Once there is a small amount of labeled data, the model has to be trained on it. The model won't be its best possible version, of course, but it will provide insights into which regions of the parameter space should be tagged first to make it better.
The model is used to predict the class of each of the remaining unlabeled data points after it has been trained. Depending on the prediction confidence of the model, it is decided which data points should be labeled by querying the user for them, or a priority score is assigned to each unlabeled data point.
After the best method for prioritizing the labeling has been selected, the process can be iteratively repeated; that is, a new model can be trained on a new labeled data set that has labels assigned using the priority score. The unlabeled data points can be run through the model to update the prioritization scores and continue labeling after the new model has been trained on the subset of data. In this manner, the labeling method may be continually optimized as the model improves.
A typical example of deep active learning (borrowed fromhere).
Active learning is widely used in multiple domains and has several applications in the real world. One of the most widely-used applications of active learning is Natural Language Processing (NLP), where the amount of unlabeled data is huge, and the labeling process is tedious. It is used for tasks like Named Entity Recognition, where the model has to find which parts of the input text correspond to entities such as persons, locations, or organizations; Machine Translation; Text categorization, etc., which is the task of assigning a category to a piece of text.
For Machine Translation, curriculum learning frameworks are used that decide which training samples to show to the model during different periods of training based on the estimated difficulty of a sample and the current competence of the model.
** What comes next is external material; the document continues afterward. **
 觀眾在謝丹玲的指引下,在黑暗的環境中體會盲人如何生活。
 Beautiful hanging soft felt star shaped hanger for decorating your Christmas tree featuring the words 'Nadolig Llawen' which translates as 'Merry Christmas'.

This method not only effectively improves the training efficiency but also obtains a good accuracy improvement.
Active learning has also proven successful in complex Computer Vision tasks like image segmentation, object detection, image classification, restoration, etc., as a huge amount of unlabeled data is available through the internet. Cost Effective Active Learning (CEAL) merges deep convolutional neural networks into active learning and assigns pseudo-labels to samples with high confidence, and adds them to the highly uncertain sample set queried using the uncertainty-based AL method.
Cost Effective Active Learning mode (image borrowed from theCEAL paper).
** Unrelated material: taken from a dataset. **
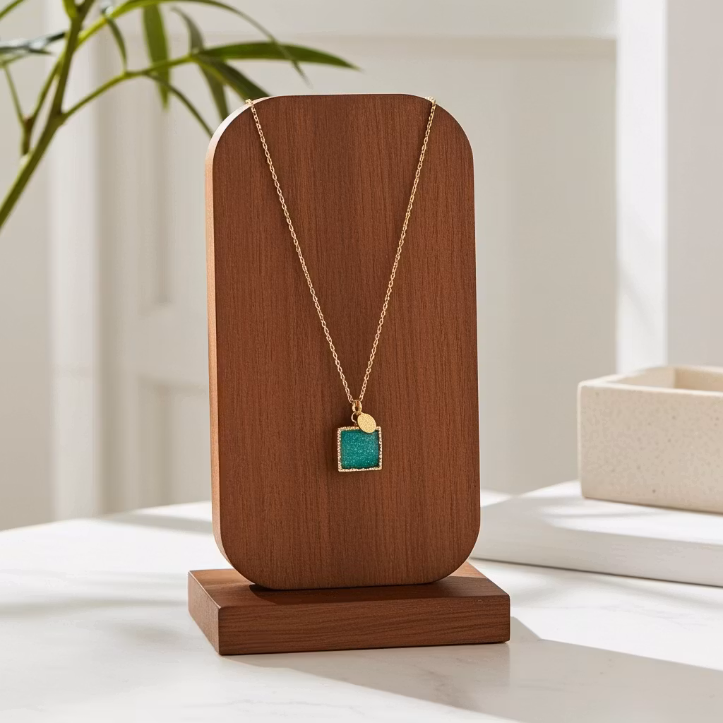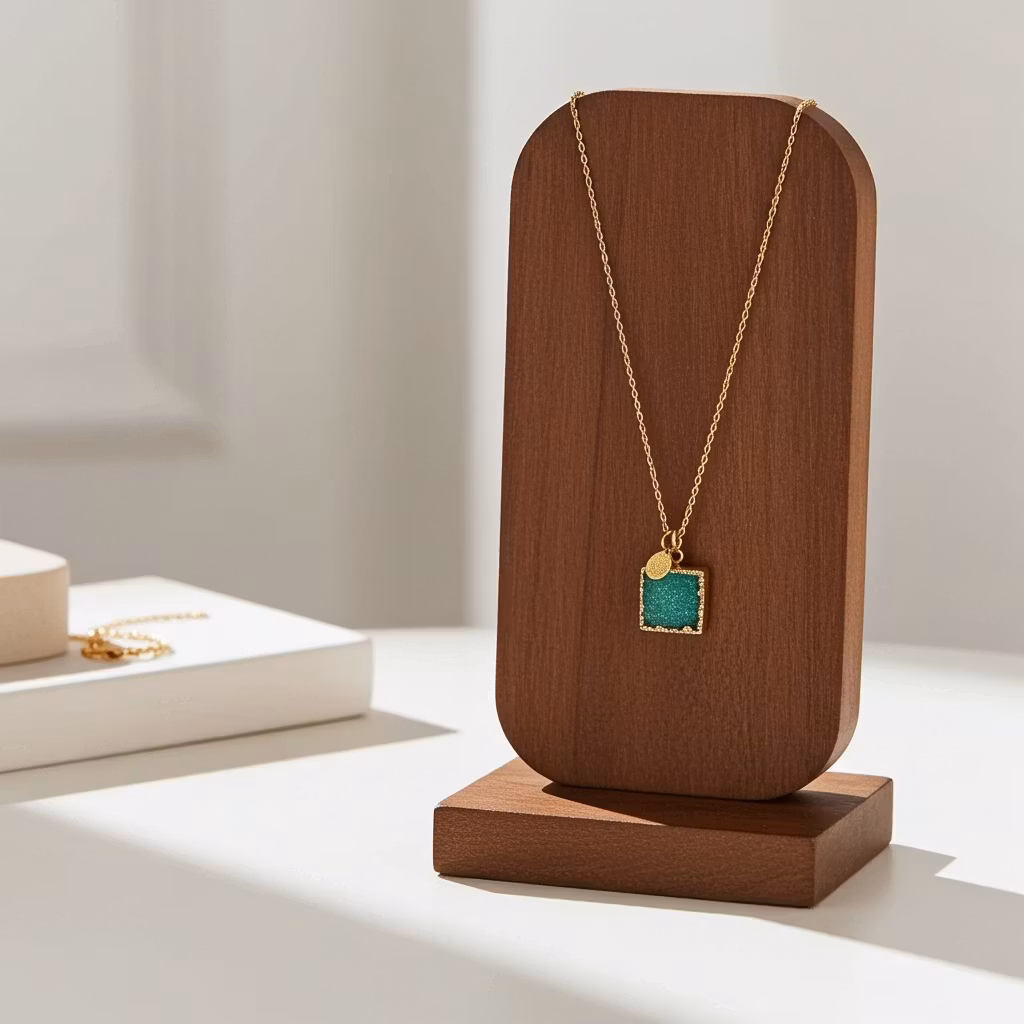 Guldförgyllt halsband med ärtlänkskedja i matt guldförgyllning och grön fyrkantig druzy agat sten med liten rund berlock. Stenen är 20mm i diameter. Agatstenen har en elektroplätering runt kanten. Kedjan och berlocken är i matt guld. Fint halsband med fyrkantig grön ädelsten.

Active learning also has applications in the field of speech and audio processing, social network analysis, medical image processing, wildlife protection, industrial robotics, autonomous driving, and disaster analysis, among other fields. Generative Adversarial Active Learning (GAAL) introduced the Generative Adversarial Networks (GAN) used for data augmentation to the active learning query method. GAAL aims to use generative learning to generate samples with more information than the original dataset.
Principle behind the GAAL algorithm. The learner synthesizes samples for querying using GAN.GAAL paper.
Active learning attempts to maximize a model’s performance gain while annotating the fewest samples possible. More specifically, it aims to select the most useful samples from the unlabeled dataset and hand them over to the oracle (e.g., human annotator) for labeling to reduce the cost of labeling as much as possible while maintaining performance. The acquisition of a large number of high-quality annotated datasets consumes a lot of manpower.
Deep learning is greedy for data and requires a large amount of data supply to optimize a massive number of parameters if the model is to learn how to extract high-quality features. In recent years, due to the rapid development of internet technology, we have entered an era of information abundance characterized by massive amounts of available data.
One of the most critical problems faced in the field of image vision tasks is that of efficiently querying samples of high-dimensional data (an area in which traditional methods perform poorly) and obtaining satisfactory performance at the smallest possible labeling cost.
Active Learning is proven to have been successful in many applications and is still an active area of research.